Each chapter explores a different soundscape and the animals that contribute to it, revealing how their voices have evolved to help them survive in that environment as part of “the great concert of life”. From Mediterranean scrubland and rainforests, to the extremes of the Arctic (“the most hostile environment I’ve ever been in”), animals use the sound-transmitting properties of air or water to communicate, in order “to find a partner, to defend a territory, to signal the presence of a predator or food source, to collaborate in hunting, and to recognize and interact with members of the group”.

He shows that their communications are comparable to our own, though our articulated language reveals an extraordinary complexity, reflecting the unprecedented range of our social interactions. Nevertheless, he argues that animal communications can indeed be described as a language, albeit not a single one: there are, he says, as many languages as there are animals using sounds to exchange information.
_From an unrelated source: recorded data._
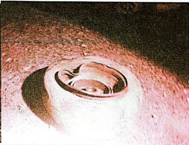
FOTOGRAFIA DGITAL N° 26

Se observa en las fotografías N° 25 Y 26 un capot de color bordo en la banquina oeste de la ruta nacional así también se observa una rueda a una distancia de 28cm de la línea blanca de la ruta nacional N34.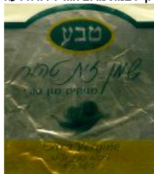
זיוף בד"צ נחלת יצחק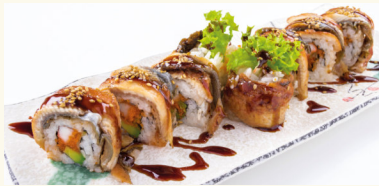
8 Osaka Roll 15,50 € Aal, Surimi, Avocado, Fischrogen mit Unagisoße D,N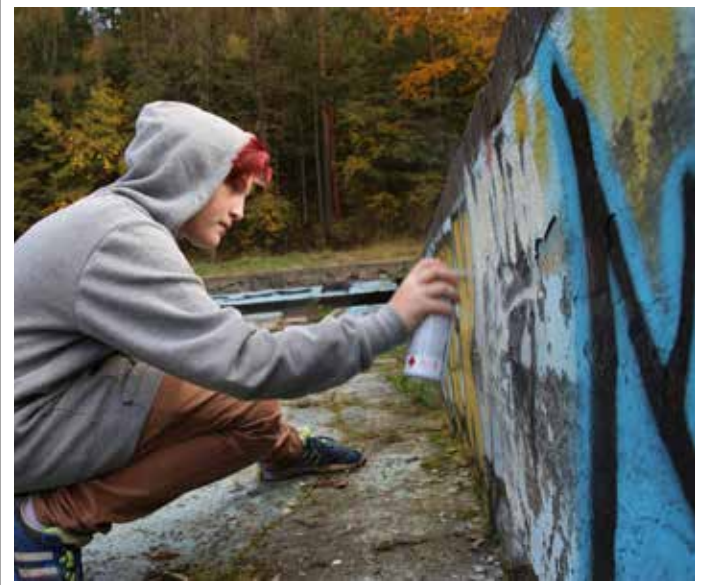
DĚTI SI VYZKOUŠELY i sprejování na zdi bazénu.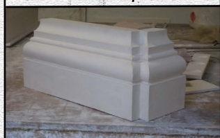
Base des pilastres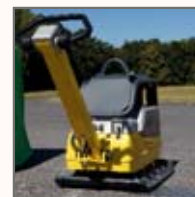
Vibrationsdämpande gummi handtag och steglös servostyrning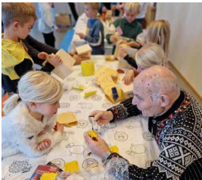
Koselige minner fra Miljødetektivdagen tidligere år.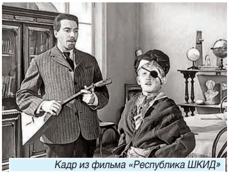
Кадр из фильма «Республика ШКИД»

«И будут вежливы и ласковы настолько - Предложат жизнь счастливую на блюде.»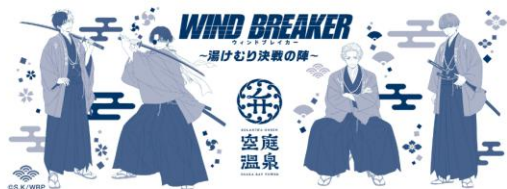
スペシャル手ぬぐい ～等身大キャラクター～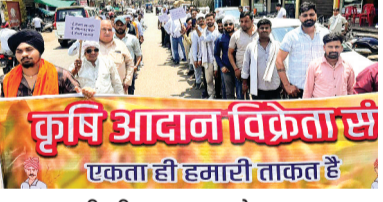
हरिभूमि न्यूज | अशोकनगर

कृषि आदान विक्रेता संघ ने व्यापारियों की समस्याओं के निराकरण की मांग को लेकर एक ज्ञापन सौंपा है, जिसमें कहा गया है कि यह संगठन 5 लाख व्यापारियों से जुड़ा है, व्यापारी पिछले 10 वर्षों से कई समस्याओं का सामना कर रहे हैं। जिसके बाद भी न तो केन्द्र और न ही राज्य की सरकारों द्वारा कोई कार्रवाही की जा रही है। जिसे लेकर उक्त संगठन द्वारा अपनी मांगों को लेकर ज्ञापन सौंपा गया।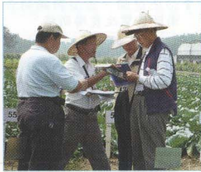
→評審委員們討論評分標準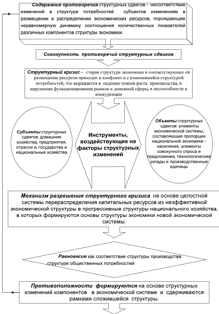
Рисунок 3 – Противоречия, определяющие содержание структурных сдвигов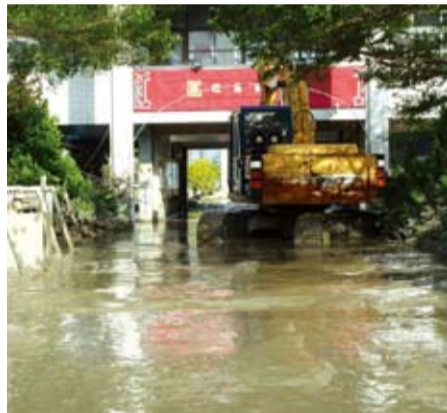
■八八水災讓羌園國小校園一片汪洋。

四個月後的今天，回首88水患的校園情景，災情已逐漸復原，陰霾也終將開展，而這一切的恩澤可說是來自於一絲絲的關懷與愛心、一縷縷的捐助與熱情所堆砌而成。當然！羌園國小的重建之路一定有「中華民國華夏社會公益協會」的腳印，有您真好！讓我們全校師生再次獻上誠摯的謝意，我們對您永懷感恩！謝謝您，也祝福您！☀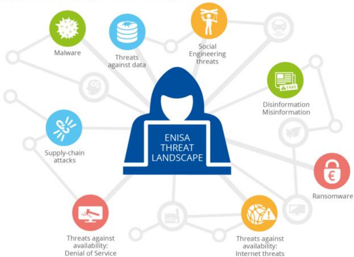
Figure 1: ENISA Threat Landscape 2022 - Prime threats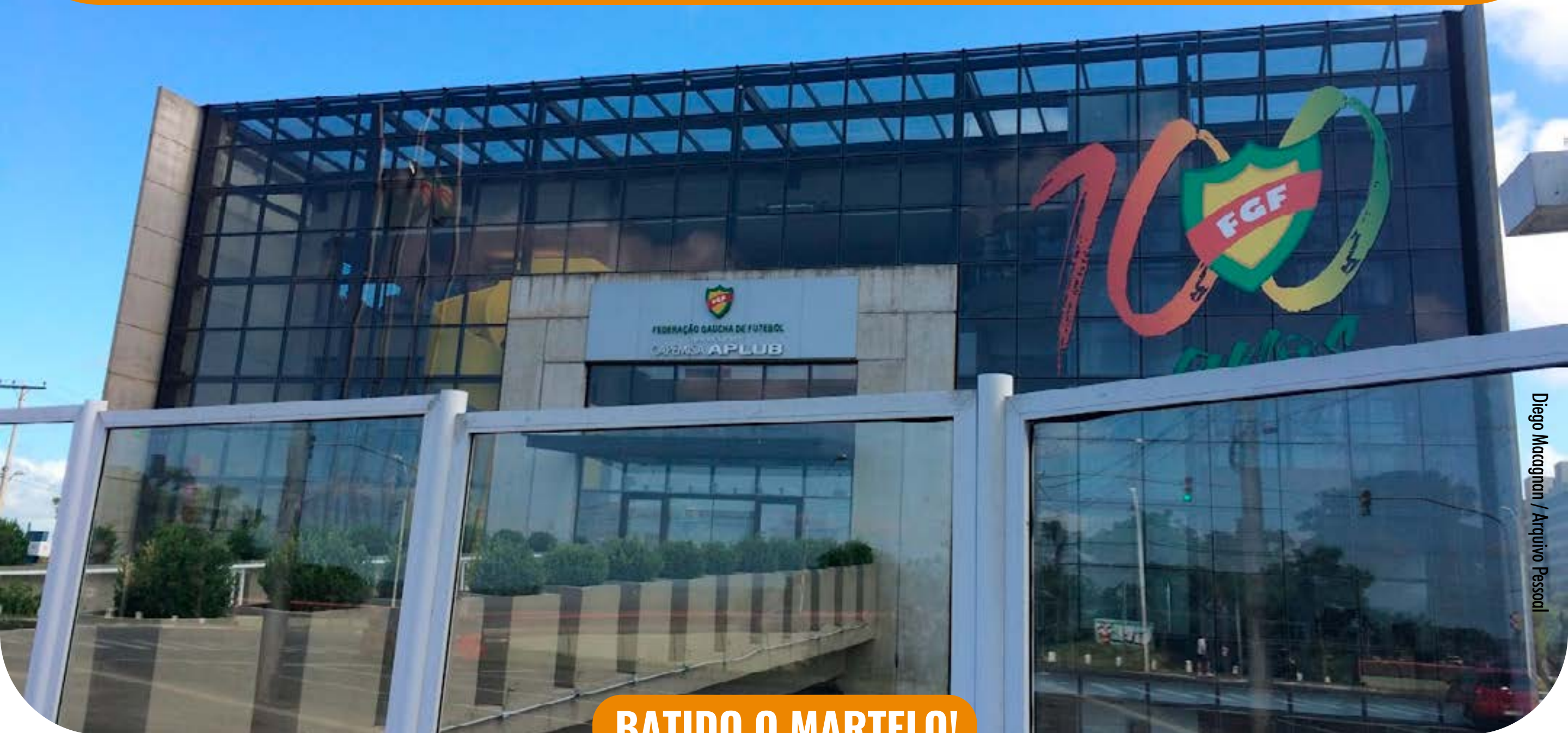
Diego Macagnan / Arquivo Pessoal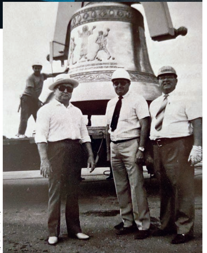
zvon pre katedrálu Premenenia Pána v Unionville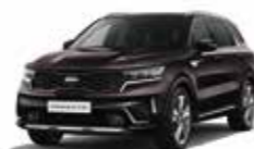
Brun Taïga (BE2) (1)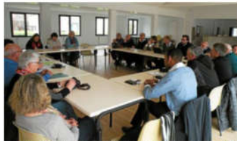
La municipalité de Brennilis a accueilli, mercredi matin, la délégation de la CLI de Nogent à la salle polyvalente.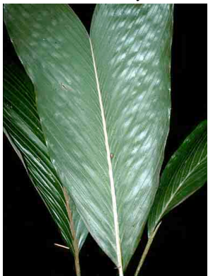
16 maski Bactris hondurensis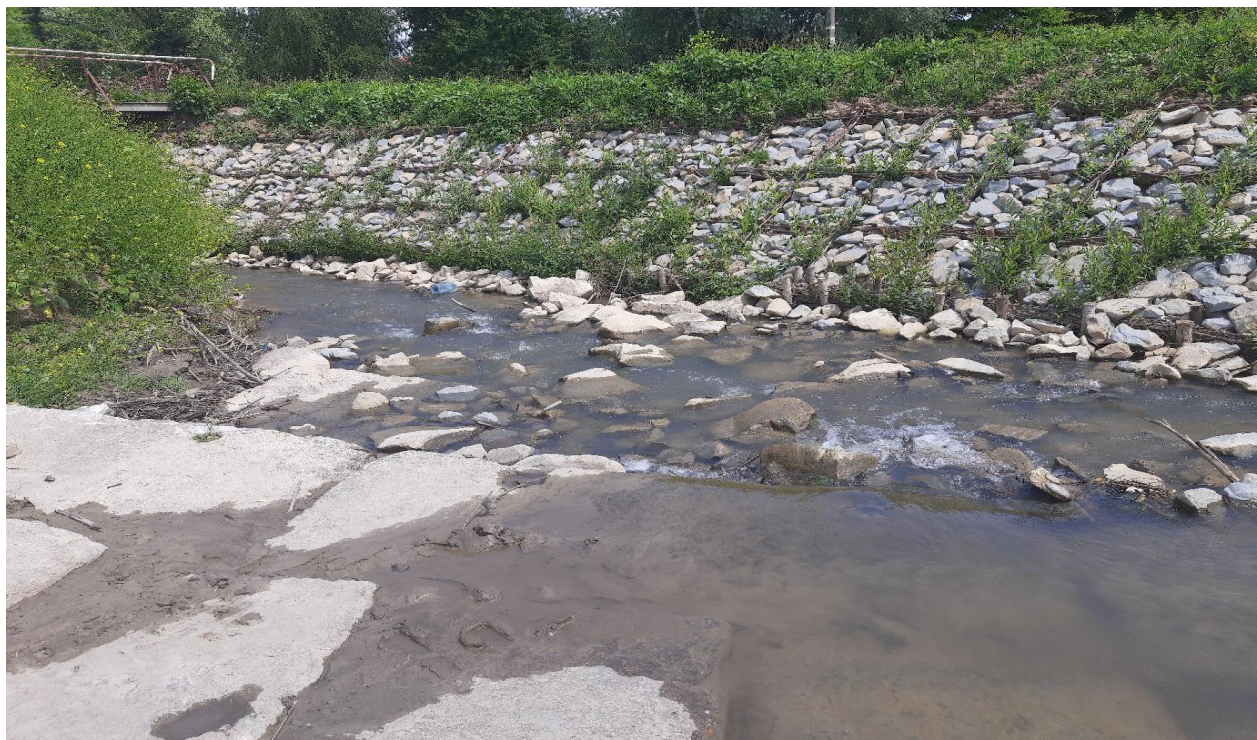
Fragment rzeki Mleczki

Mathevon’s book reveals the often-ground-breaking experiments he and his fellow bioacousticians have conducted to decipher the meanings of the signals in animal sounds and how this relates to their behaviour. One of these experiments involved working in a Brazilian swamp to study the communications between jacaré caiman mothers and their young, research which involved catching a newborn caiman. However, Mathevon is seemingly unfazed by the risks he took for this experiment, noting drily: “we made it out in one piece and got good recordings”. His survey of this intriguing field offers a fascinating insight into the dedication and ceaseless curiosity of the scientific mind, and Mathevon’s enthusiasm for the “worlds of sound” that surround us is certainly contagious.